Task: Copying rule for the data below: pictures stay out, and only the lines from the one with "芸術総合高校合格者(鉛筆デッサン・F6画用紙)" down to the one with "Klausītājiem par prieku", inclusive, are repeated exactly.

*** Opening Given information ***

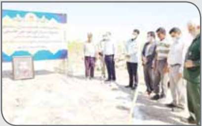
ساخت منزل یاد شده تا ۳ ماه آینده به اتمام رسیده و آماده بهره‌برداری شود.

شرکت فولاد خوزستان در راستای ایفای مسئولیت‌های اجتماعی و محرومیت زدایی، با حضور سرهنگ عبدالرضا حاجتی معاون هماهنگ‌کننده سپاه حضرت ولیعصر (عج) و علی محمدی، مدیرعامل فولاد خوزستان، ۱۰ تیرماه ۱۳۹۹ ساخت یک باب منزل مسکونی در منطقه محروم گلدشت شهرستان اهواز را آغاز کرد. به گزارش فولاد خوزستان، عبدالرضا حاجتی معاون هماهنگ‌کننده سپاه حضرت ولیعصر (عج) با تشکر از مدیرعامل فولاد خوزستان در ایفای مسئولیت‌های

*** Closing Given information ***
*** Opening Given information ***

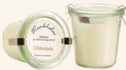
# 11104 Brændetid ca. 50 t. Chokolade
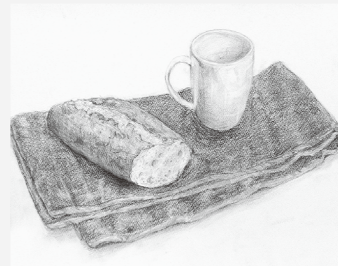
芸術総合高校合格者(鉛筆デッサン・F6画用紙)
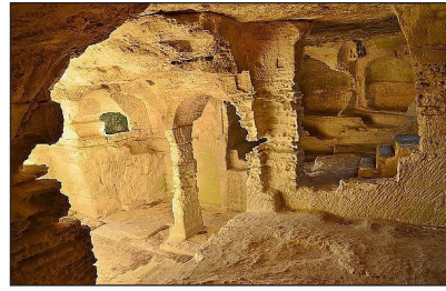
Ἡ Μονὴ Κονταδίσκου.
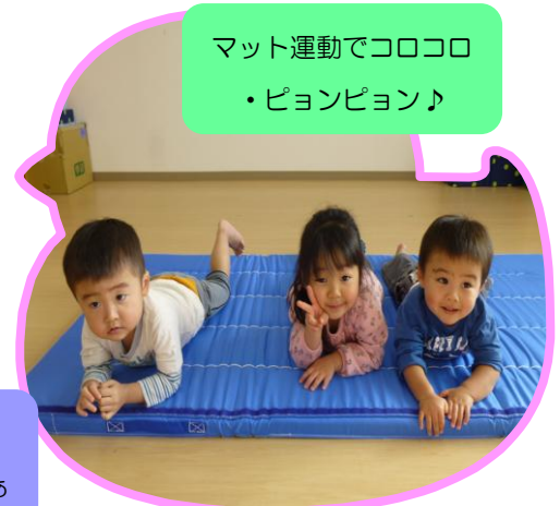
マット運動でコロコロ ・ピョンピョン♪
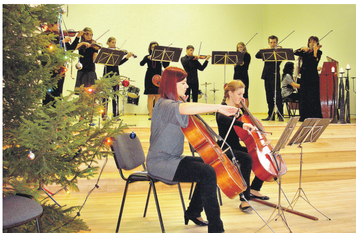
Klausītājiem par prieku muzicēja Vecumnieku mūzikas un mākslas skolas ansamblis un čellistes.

*** Closing Given information ***
*** Opening Given information ***

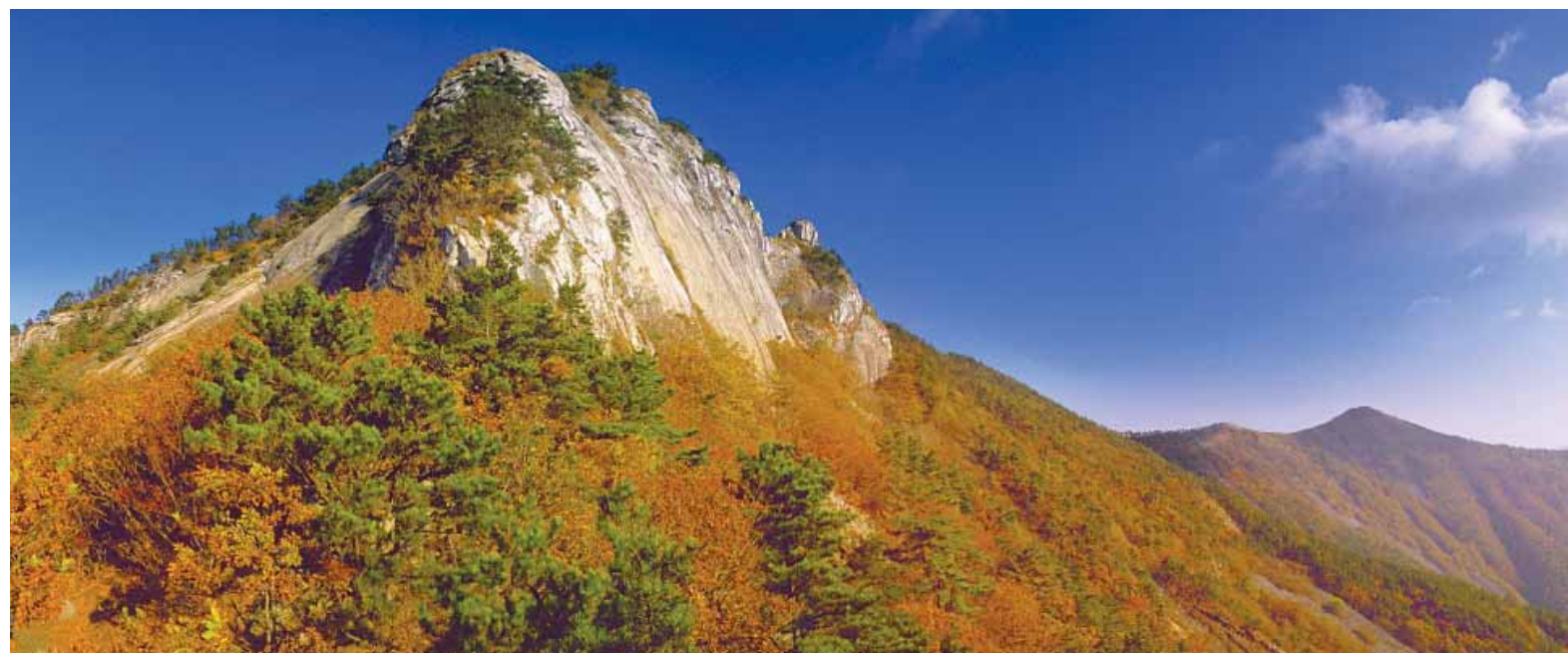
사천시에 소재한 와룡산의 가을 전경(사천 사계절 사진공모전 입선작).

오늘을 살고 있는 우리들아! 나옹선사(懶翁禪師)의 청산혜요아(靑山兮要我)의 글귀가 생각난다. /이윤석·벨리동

*** Closing Given information ***

Output for this exercise:
芸術総合高校合格者(鉛筆デッサン・F6画用紙)
Ἡ Μονὴ Κονταδίσκου.
マット運動でコロコロ ・ピョンピョン♪
Klausītājiem par prieku muzicēja Vecumnieku mūzikas un mākslas skolas ansamblis un čellistes.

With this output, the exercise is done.